RegExp: How to exclude whitespace
-
20-06-2021 - |
Question
Considering Ruby 1.8.7 or Javascript.
I have the following string: (GMT+02:00) Istanbul
and I want to capture everything after the )
(note the whitespace included after the close parentheses)
The regexp I have created is almost working with exception it is including the undesired whitspace.
\s\D*
=> Istanbul
How can I fix that and is this regexp for doing this?
EDIT
The string can be others, something like (GMT+01:00) West Central Africa
In this case, I want West Central Africa
So, some answers will not work.
Sorry, I have forgot to mention that.
Thanks.
Solution
In Ruby:
irb> line = '(GMT+01:00) West Central Africa'
irb> line.sub(/^.*\)\s/, '')
=> "West Central Africa"
In JavaScript:
js> var line = '(GMT+01:00) West Central Africa'
js> line.replace(/^.*\)\s/, '')
West Central Africa
OTHER TIPS
Positive Look-behind Assertion is one option.
(?<=\s)[\D]+
(tested with python regex lib)
To extract the first word after a GMT offset definition like the one in your example...

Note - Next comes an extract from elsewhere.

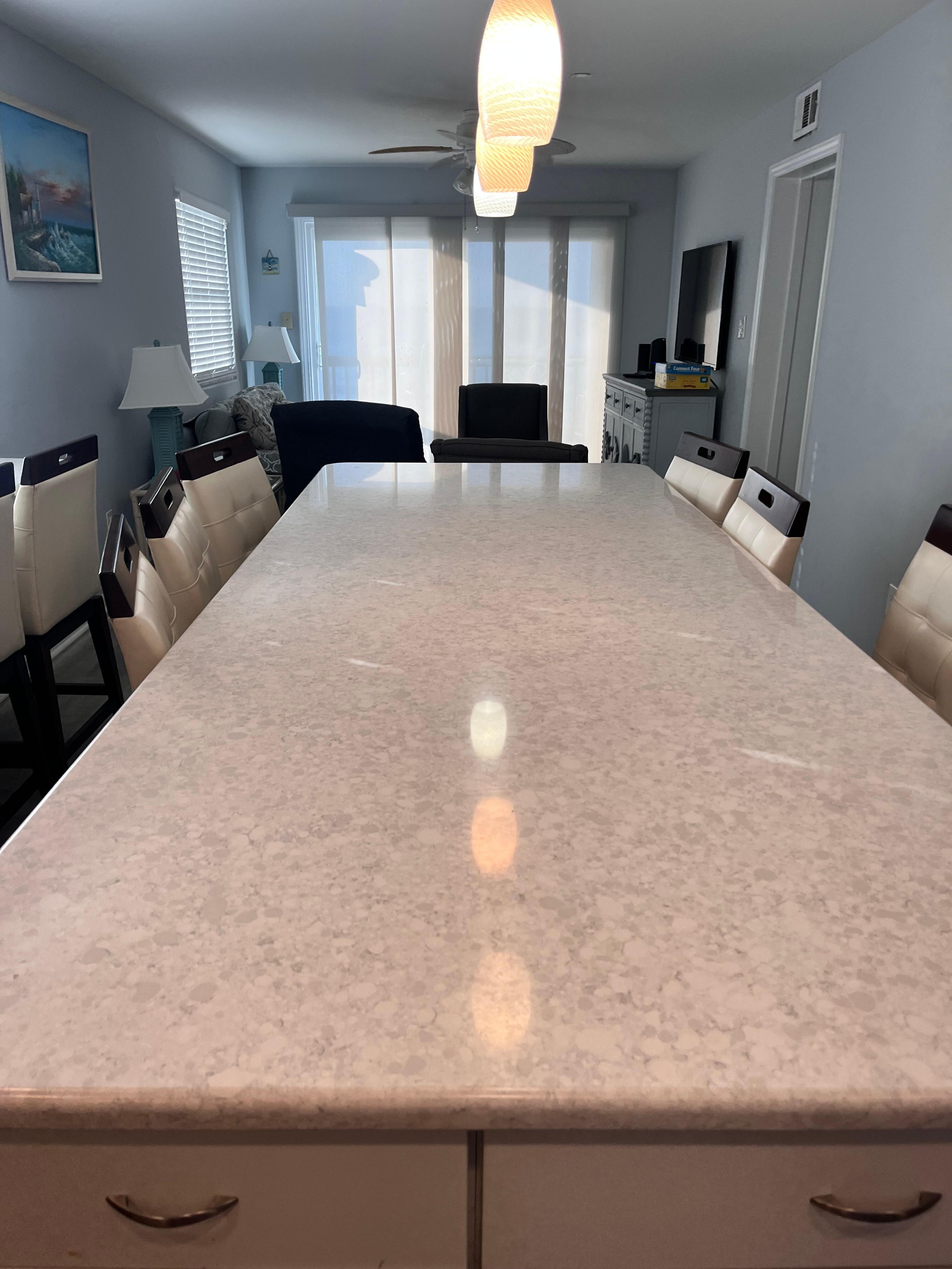 Kitchen remodeled 2018, all new stainless steel appliances and quartz counter top with 10' island and 8 chairs. Window bar added Dishwasher and microwave, all appliances necessary. Includes Keurig blenders, mixers toaster oven, and even hair dryers in each bathroom. Iron and ironing board, golf clubs the Unit Sleeps 8. This unit is right on the beach 3rd floor, large balcony, with a view of the pool and beach. Newly remodeled, sit on the deck and watch the children play on the beach or in the pool. Located 1 mile north of the Garden City Pier. 1 miles south of Surfside Pier. On site pool, Washers/Dryers, Elevator. Available weekly or monthly rates. Saturday to Saturday in by 4:00 PM out by 10:00 AM Close to Broadway at the Beach, South Myrtle Beach area 3 minute walk to Conch Café. Free WIFI and a stocked Refrigerator get ready for Sun & Fun in a family friendly community. 75' from elevator and Coin laundry, 5 step for access to the unit entry level.

(?<=\([\D]{3}[\+\-][\d]{2}:[\d]{2}\)\s)[\D]+
You can stick optional whitespace characters \s* in between every other character in your regex. Although granted, it will get a bit lengthy.
Do the following:
\S+$
It matches everything that is not a space at the end of the line.
If you want to match only alphabetical character, you can use the following:
\w+$
You can test them here.
When you say capture, if you wish to get a named capture, and ignore the rest, you can do the follwing:
(?:.+\s)(?<Country>.+)
very simple expression:
[^)]*\)\s*(\w+)
explain:
[^)]* any character except: ')'
(0 or more times, matching the most amount possible)
\) ')'
\s* whitespace (\n, \r, \t, \f, and " ")
(0 or more times, matching the most amount possible)
\w+ word characters (a-z, A-Z, 0-9, _)
(1 or more times, matching the most amount possible)